Lebih lanjut diungkapkan bahwa sampai dengan saat ini hutan rakyat banyak diusahakan oleh masyarakat di pedesaan sehingga kontribusi manfaat

hutan rakyat akan berdampak pada perekonomian desa. Walaupun demikian, pendapatan dari hutan rakyat bagi petani masih diposisikan sebagai pendapatan sampingan dan bersifat insidentil dengan kisaran tidak lebih dari 10% dari pendapatan total yang mereka terima. Usaha hutan rakyat pada umumnya masih bersifat sampingan yang dilakukan oleh petani kecil hanya untuk memenuhi kebutuhan sehari-hari.

Menurut Scott (1976) dalam Darusman dan Hardjanto (2006) mengatakan bahwa usaha petani kecil yang hanya untuk memenuhi kebutuhan hidup sehari-hari dikategorikan sebagai petani subsisten. Petani subsisten memiliki kebiasaan yang menjadi filosofi hidup mereka yaitu mendahulukan selamat, artinya apa yang diusahakan prioritas utamanya adalah untuk mencukupi kebutuhan konsumsi sendiri. Hal ini disebut dengan etika subsisten.

Pengusahaan hutan rakyat dapat memberikan dampak ekonomis bagi orang-orang diluar pemilik hutan rakyat seperti buruh tani atau tenaga kerja lainnya. Ini dapat dilihat pada sistem pengelolaan hutan rakyat yang dilakukan secara intensif. Hal ini berdampak pada penyerapan tenaga kerja di pedesaan yang berimplikasi pada peningkatan kesejahteraan masyarakat desa. Dengan terjadinya peningkatan pendapatan masyarakat di desa, maka secara tidak langsung usaha hutan rakyat akan ikut mendongkrak perekonomian pedesaan.

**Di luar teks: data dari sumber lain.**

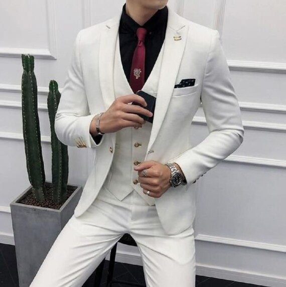 Men White Wedding Suit Elegant Luxury Formal Fashion Groom Party Wear 3 Piece Suits Etsy Norway

Keberadaan hutan rakyat diharapkan mampu untuk memasok bahan baku industri penggergajian dan industri meubel. Sejak pembatasan/pengurangan jatah tebangan tahunan terhadap pemegang Izin Usaha Pemanfaatan Hasil Hutan Kayu (IUPHHK) dari hutan alam permintaan kayu rakyat terus meningkat. Oleh karena itu ke depan hutan rakyat diharapkan dapat menjadi salah satu alternatif sumber pasokan bahan baku kayu yang dapat diandalkan baik dari segi kualitas dan kuantitas bahan baku yang dikelolah secara lestari.

Menurut Hardjanto (2003), permintaan kayu rakyat dikategorikan menjadi tiga macam yaitu:1) permintaan pasar lokal (local market), 2) industri menengah yang produknya untuk scope yang lebih luas dan berorientasi ekspor, dan 3) industri besar padat modal. Pada industri menengah alat-alat yang digunakan relatif lebih sederhana, serta kualitas dan rendemen kayu olahan yang dihasilkan

masih rendah. Selain itu masih belum ada standardisasi produk, sehingga terkadang tidak sesuai dengan permintaan pasar.